**The task:**
Reproduce from the records below, with no pictures, exactly the lines between the one containing "Pieza hecha y" and the one containing "Contenido: 27 cartas", inclusive.

__________________________________________________

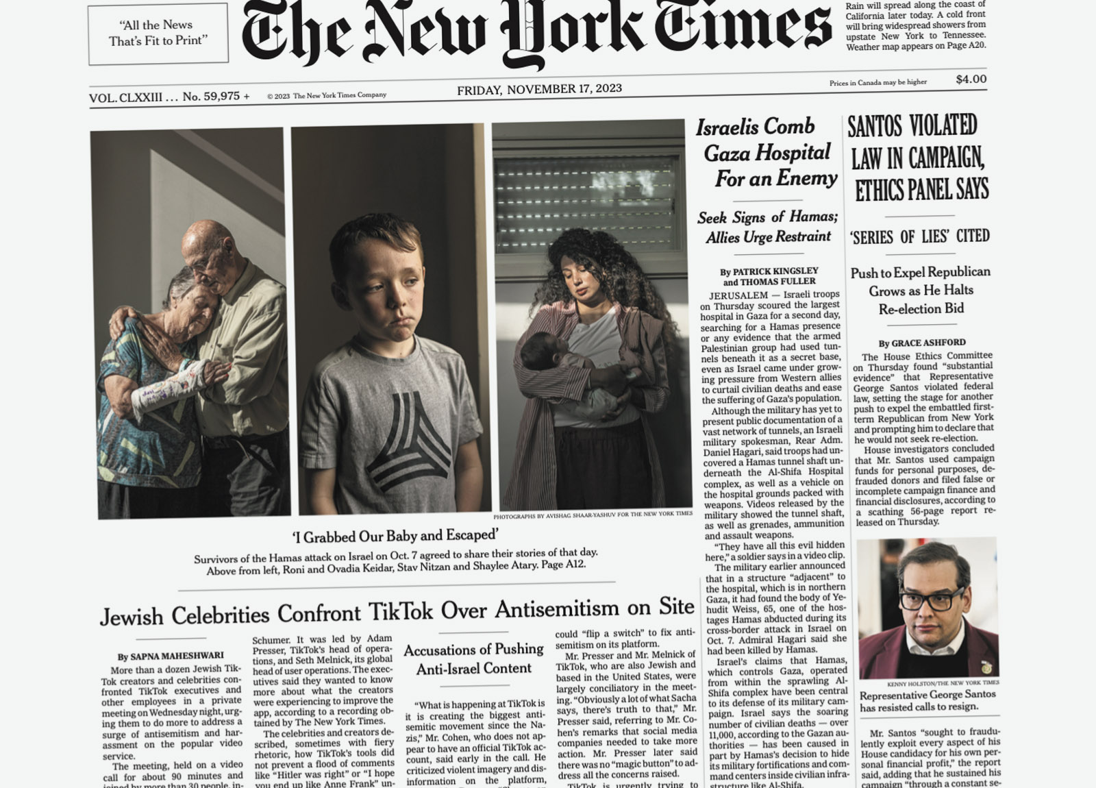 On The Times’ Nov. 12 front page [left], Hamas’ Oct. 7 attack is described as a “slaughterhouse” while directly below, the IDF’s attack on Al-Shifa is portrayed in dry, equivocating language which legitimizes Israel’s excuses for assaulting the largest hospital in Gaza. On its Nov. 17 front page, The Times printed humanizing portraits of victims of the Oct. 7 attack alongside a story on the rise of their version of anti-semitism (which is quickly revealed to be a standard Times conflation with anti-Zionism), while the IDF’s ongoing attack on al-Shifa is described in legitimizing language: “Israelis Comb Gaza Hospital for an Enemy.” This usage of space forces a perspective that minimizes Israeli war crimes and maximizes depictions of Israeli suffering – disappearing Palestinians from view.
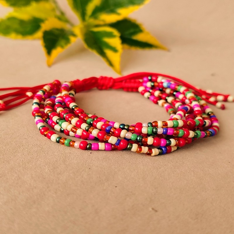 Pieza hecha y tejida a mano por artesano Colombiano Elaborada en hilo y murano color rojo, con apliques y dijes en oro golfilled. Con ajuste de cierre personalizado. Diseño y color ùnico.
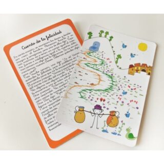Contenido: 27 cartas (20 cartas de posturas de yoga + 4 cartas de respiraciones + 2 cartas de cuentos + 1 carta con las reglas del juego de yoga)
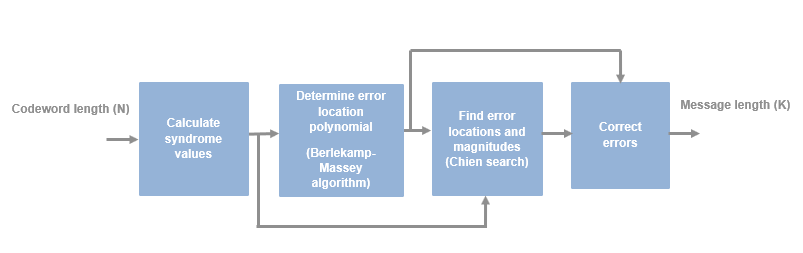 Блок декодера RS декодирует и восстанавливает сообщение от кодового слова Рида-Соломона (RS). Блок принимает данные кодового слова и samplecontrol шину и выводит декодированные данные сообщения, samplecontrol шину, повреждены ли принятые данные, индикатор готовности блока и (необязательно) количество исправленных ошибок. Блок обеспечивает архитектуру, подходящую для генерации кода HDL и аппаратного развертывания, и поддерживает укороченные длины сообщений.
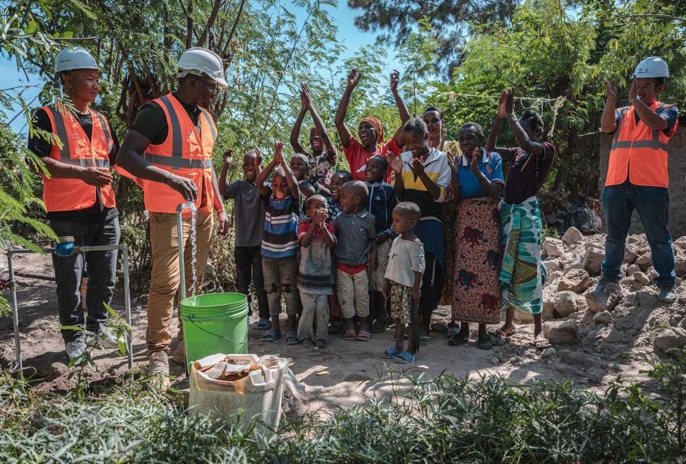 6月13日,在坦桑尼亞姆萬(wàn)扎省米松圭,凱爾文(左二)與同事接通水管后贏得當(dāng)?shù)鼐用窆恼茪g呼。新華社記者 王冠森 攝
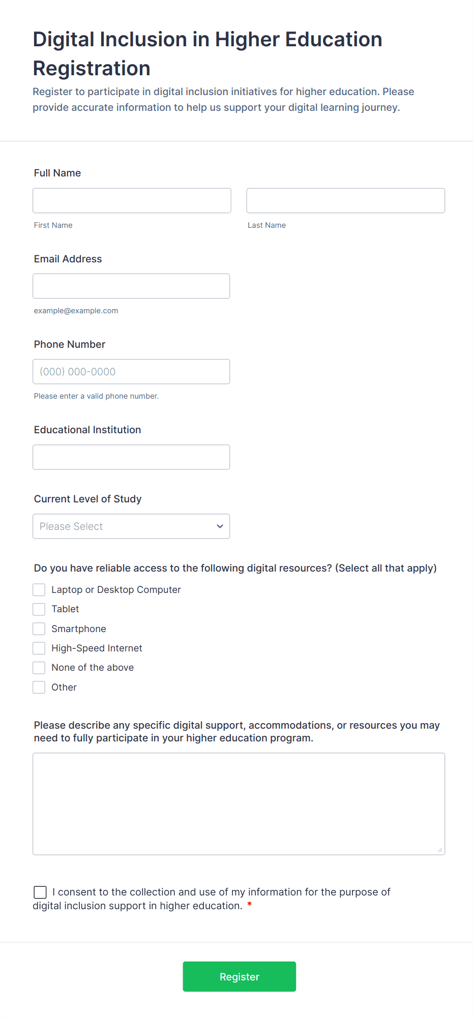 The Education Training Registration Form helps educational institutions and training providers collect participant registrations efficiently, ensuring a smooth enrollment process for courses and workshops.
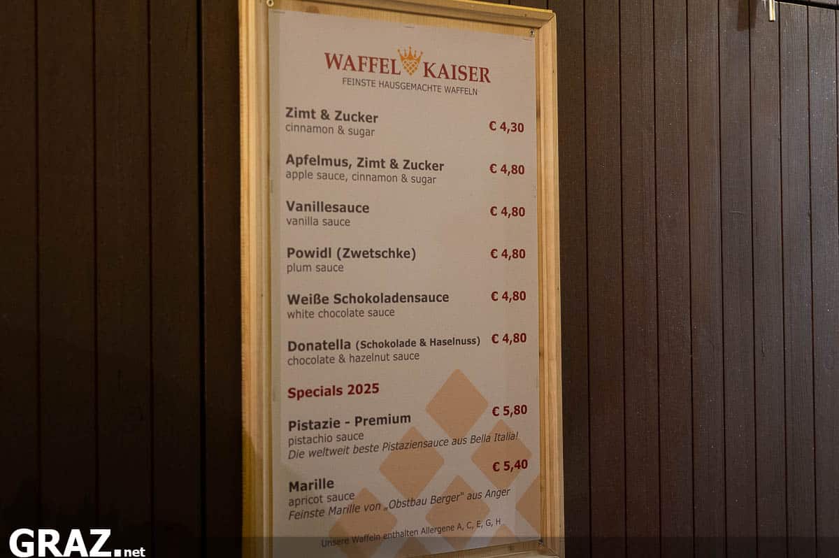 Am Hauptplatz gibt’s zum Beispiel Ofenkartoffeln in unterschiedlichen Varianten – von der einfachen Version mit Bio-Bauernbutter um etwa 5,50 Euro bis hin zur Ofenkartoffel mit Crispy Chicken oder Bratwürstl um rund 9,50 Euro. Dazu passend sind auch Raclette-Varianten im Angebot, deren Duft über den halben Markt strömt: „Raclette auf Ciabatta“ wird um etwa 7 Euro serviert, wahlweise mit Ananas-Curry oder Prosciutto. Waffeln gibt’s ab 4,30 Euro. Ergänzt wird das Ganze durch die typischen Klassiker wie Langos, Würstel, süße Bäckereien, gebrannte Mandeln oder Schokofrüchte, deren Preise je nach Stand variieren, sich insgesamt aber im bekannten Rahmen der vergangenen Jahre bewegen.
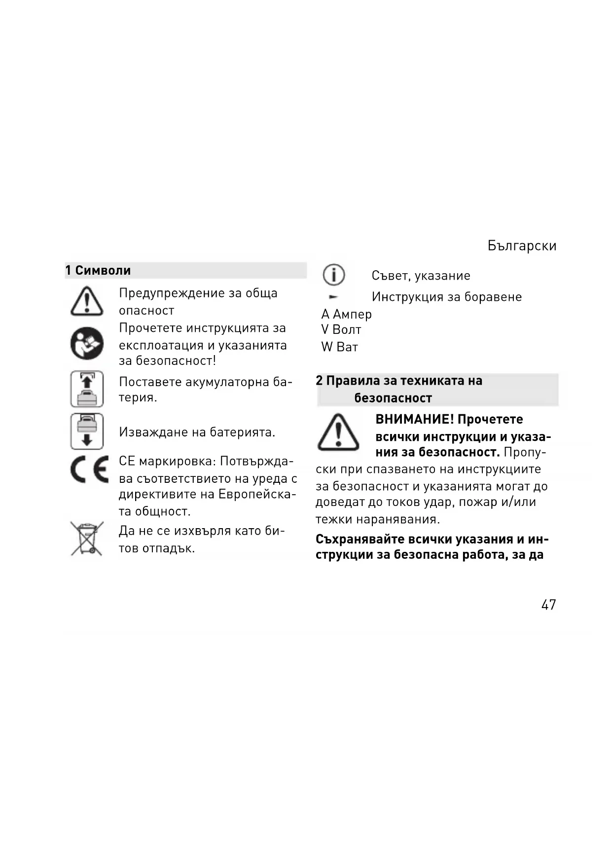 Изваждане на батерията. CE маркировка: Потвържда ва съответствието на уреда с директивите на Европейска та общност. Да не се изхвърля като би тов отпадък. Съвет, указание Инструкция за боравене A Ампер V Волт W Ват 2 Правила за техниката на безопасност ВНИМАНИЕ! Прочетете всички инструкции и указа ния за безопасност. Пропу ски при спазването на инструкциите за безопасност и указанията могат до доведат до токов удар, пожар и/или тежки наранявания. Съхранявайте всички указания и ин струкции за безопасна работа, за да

__________________________________________________

**Solution to this exercise:**
 Pieza hecha y tejida a mano por artesano Colombiano Elaborada en hilo y murano color rojo, con apliques y dijes en oro golfilled. Con ajuste de cierre personalizado. Diseño y color ùnico.
Contenido: 27 cartas (20 cartas de posturas de yoga + 4 cartas de respiraciones + 2 cartas de cuentos + 1 carta con las reglas del juego de yoga)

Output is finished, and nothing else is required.